Assumed: When using the python itertools.tee()
, all duplicate iterators refer to the original iterator, and the original is cached to improve performance.
My main concern in the following inquiry is regarding MY IDEA of intended/proper caching behavior.
Edit: my idea of proper caching was based on flawed functional assumptions. Will ultimately need a little wrapper around tee (which will probably have consequences regarding caching).
Lets say I create 3 iterator clones using tee: a, b, c = itertools.tee(myiter,3)
. Also assume that at this point, I remove all references to the original, myiter
(meaning, there is no great way for my code to refer back to the original hereafter).
At some later point in code, if I decided that I want another clone of myiter
, can I just re-tee() one of my duplicates? (with proper caching back to the originally cached myiter
)
In other words, at some later point, I wish I had instead used this:
a, b, c, d = itertools.tee(myiter,4)
.
But, since I have discarded all references to the original myiter
, the best I can muster would be:
copytee = itertools.tee(a, 1) #where 'a' is from a previous tee()
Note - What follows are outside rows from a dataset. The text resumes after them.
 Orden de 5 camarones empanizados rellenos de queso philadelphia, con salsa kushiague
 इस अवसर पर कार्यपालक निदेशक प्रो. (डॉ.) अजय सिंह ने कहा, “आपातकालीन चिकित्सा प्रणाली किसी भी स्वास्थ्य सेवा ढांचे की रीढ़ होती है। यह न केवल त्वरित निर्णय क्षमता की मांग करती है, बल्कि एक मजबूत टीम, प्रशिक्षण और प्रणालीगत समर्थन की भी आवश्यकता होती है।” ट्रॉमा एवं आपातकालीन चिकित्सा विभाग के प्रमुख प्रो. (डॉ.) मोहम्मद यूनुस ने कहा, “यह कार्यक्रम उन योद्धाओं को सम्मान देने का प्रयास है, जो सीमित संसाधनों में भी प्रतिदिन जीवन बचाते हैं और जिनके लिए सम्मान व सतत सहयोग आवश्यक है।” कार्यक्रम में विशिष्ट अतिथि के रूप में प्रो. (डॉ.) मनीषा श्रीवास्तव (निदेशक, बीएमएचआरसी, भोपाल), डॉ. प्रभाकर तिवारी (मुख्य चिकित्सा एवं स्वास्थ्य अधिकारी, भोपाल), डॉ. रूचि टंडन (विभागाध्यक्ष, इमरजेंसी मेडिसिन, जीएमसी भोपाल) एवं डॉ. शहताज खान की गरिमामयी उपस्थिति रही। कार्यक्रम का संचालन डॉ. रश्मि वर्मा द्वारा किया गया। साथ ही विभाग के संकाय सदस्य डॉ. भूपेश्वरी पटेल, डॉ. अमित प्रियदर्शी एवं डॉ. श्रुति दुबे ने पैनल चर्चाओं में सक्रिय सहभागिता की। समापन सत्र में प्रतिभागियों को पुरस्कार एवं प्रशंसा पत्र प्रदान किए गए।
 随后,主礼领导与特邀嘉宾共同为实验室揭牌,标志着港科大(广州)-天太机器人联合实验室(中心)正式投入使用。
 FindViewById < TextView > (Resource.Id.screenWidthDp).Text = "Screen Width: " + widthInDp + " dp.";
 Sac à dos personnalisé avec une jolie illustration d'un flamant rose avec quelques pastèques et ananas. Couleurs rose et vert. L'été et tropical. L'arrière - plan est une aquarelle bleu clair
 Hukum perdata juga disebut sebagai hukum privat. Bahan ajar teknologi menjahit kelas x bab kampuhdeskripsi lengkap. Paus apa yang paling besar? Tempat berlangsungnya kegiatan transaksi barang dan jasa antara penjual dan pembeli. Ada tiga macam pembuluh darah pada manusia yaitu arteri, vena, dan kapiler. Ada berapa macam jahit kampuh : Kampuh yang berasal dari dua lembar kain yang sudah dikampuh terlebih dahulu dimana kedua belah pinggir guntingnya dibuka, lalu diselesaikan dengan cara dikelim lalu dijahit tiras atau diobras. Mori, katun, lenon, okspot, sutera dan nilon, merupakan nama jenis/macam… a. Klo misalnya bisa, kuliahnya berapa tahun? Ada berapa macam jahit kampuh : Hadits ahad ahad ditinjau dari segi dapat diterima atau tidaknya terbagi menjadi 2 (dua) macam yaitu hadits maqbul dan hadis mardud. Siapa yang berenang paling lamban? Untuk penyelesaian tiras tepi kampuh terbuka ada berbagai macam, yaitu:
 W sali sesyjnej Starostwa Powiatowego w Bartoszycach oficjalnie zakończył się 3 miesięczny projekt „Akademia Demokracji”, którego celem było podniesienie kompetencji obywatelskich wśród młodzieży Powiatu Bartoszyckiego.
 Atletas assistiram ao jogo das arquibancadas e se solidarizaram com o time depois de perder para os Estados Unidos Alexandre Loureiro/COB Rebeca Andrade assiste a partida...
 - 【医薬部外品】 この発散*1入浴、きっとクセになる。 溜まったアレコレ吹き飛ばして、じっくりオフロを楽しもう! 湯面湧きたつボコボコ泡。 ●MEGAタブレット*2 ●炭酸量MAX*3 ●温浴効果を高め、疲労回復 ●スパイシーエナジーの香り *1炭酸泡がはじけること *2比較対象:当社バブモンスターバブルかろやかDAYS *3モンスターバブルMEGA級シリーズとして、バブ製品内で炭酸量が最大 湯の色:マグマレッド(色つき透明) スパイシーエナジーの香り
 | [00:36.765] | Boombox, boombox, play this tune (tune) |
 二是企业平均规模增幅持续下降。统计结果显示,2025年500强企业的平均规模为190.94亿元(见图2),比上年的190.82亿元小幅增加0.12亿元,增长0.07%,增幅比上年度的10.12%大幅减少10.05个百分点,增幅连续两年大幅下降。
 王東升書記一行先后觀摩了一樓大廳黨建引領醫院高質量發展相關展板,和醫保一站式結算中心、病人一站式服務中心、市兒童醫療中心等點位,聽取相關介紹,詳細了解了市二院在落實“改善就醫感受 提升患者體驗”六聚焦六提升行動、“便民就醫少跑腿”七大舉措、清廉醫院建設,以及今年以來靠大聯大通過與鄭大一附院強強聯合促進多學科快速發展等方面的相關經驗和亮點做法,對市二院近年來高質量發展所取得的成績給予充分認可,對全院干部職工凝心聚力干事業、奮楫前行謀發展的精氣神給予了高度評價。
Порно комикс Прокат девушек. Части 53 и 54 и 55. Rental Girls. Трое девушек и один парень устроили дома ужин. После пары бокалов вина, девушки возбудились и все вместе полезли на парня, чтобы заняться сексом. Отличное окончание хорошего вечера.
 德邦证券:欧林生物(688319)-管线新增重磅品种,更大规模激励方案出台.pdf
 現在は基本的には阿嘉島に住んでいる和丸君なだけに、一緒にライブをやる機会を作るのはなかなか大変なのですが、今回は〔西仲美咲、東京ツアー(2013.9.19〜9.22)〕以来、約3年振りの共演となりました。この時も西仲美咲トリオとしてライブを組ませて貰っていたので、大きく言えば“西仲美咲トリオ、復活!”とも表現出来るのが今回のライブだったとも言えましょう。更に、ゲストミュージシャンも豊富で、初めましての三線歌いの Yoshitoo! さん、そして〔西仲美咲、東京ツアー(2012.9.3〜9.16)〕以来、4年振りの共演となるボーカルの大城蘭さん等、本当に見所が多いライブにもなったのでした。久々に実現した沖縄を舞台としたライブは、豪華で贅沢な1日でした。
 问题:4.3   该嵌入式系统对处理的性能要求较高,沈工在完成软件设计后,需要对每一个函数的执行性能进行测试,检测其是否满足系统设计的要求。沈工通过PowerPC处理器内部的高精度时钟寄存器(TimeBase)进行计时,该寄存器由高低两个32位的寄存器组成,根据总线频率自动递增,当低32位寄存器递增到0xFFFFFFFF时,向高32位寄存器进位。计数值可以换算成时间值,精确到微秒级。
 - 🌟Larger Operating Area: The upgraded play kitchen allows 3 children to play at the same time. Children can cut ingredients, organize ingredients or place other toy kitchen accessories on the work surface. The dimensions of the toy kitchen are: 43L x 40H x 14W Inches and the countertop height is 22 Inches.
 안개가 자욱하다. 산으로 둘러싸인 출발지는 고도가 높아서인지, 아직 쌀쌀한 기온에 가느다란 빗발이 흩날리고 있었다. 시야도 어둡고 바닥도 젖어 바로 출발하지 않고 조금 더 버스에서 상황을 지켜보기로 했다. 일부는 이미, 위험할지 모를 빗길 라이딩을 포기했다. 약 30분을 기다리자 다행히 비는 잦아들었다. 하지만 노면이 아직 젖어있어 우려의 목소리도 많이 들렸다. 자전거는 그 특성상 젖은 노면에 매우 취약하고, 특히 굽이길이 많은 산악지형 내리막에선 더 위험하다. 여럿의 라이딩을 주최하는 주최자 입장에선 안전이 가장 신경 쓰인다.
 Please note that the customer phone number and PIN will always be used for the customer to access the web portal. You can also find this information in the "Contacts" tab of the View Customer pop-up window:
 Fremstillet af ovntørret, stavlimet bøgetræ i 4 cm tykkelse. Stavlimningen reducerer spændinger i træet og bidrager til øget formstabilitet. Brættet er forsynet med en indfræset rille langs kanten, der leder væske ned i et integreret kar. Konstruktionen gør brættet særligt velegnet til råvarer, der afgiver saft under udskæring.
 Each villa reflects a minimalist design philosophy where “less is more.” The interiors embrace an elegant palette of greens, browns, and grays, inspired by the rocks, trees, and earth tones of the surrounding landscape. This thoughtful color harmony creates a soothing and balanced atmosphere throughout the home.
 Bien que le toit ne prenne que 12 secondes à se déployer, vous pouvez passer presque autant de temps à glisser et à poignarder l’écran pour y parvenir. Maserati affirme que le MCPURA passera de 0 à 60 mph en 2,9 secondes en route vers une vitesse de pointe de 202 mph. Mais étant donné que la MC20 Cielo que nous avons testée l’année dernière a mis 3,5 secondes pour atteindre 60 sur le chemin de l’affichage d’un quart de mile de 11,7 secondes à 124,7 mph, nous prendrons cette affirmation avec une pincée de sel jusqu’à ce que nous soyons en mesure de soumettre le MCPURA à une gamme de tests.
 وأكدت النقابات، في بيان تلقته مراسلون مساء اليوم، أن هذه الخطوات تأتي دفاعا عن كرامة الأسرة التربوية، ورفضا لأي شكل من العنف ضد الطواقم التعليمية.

Does tee() know what I want here? (that I REALLY want to create a clone based on the original myiter
, NOT the intermediate clone a
(which may be partially consumed))
There's nothing magical about tee
. It's just clever ;-) At any point, tee
clones the iterator passed to it. That means the cloned iterator(s) will yield the values produced by the passed-in iterator from this point on. But it's impossible for them to reproduce values that were produced before tee
was invoked.
Let's show it with something much simpler than your example:
>>> it = iter(range(5))
>>> next(it)
0
0 is gone now - forever. tee()
can't get it back:
>>> a, b = tee(it)
>>> next(a)
1
So a
pushed it
to produce its next value. It's that value that gets cached, so that other clones can reproduce it too:
>>> next(b)
1
To get that result, it
wasn't touched - 1 was retrieved from the internal cache. And now that all of it
, a
and b
have produced 1, 1 is gone forever too.
I don't know whether that answers your question - answering "Does tee() know what I want here?" seems to require telepathy ;-) That is, I don't know what you mean by "with proper caching". It would be most helpful if you gave an exact example of the input/output behavior you're hoping for.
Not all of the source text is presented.